I am not a statician so I humbly ask for mercy if what follows is considered equivelant to having sex in church .

My background is in engineering and management. Now engineers tend to doubt anything that is not hard fact and based on sound information. So as an engineering nerd I ask myself how can we make any analysis when one bit of key information is missing? i.e. the actual number who are laid low by the virus.
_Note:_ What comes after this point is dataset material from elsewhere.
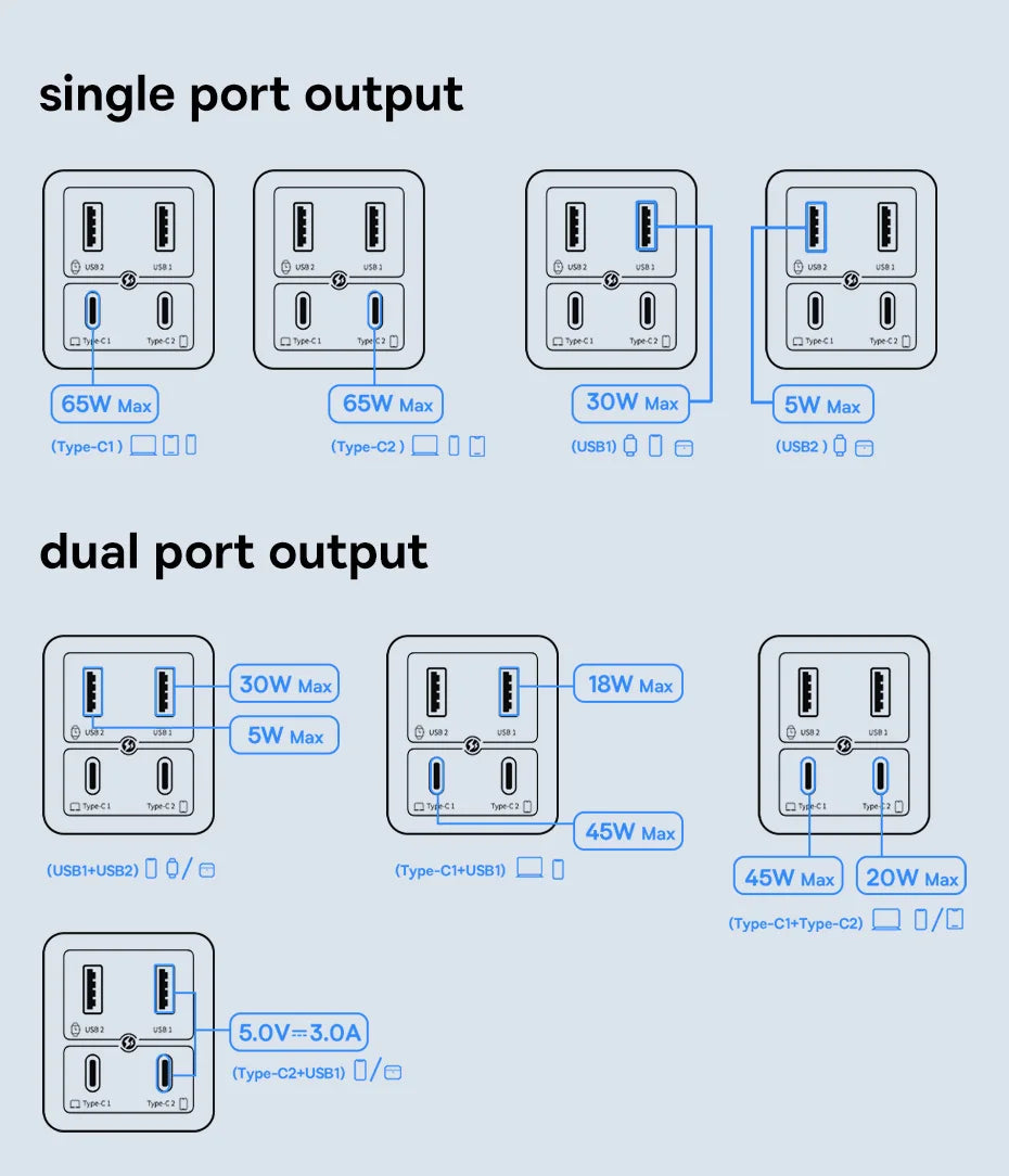 Type-C 1/2 65W Output: 5V/3A,9V/3A,12V/3A,15V/3A,20V/3.25A 65W Max

Personally I am surprised that, seperate from the NHS and allied institutions, no one has set up a reporting system; perhaps run by volunteers.

One possibility that has been mentioned in medical circles, and supported by limited evidence, is that some people diagnosed with the virus have noticed no symptoms. (OK they could be false positives.) Is it possible that others may have such a robust immune system that they do no get the disease at all despite massive exposure?

In my early managment years one mentor drummed home to me the mantra “If you cannot measure it you cannot manage it”. So are we really managing the situation?

If I am missing something please let me know.

Why is it fitted to an exponential curve but not a Gompertz curve?

An excellent question. As you can see from the date, I wrote this very early in the pandemic, when cases were rising exponentially so the exponential curve gave a pretty good fit at that stage. A bit later on when the lockdowns had started and cases started coming down again, I did have a go at fitting to a Gompertz curve, and that fitted pretty well too.

Of course none of this would remotely fit any more, given the pattern over the last couple of years has been a whole series of peaks and troughs, so I don’t bother fitting curves any more.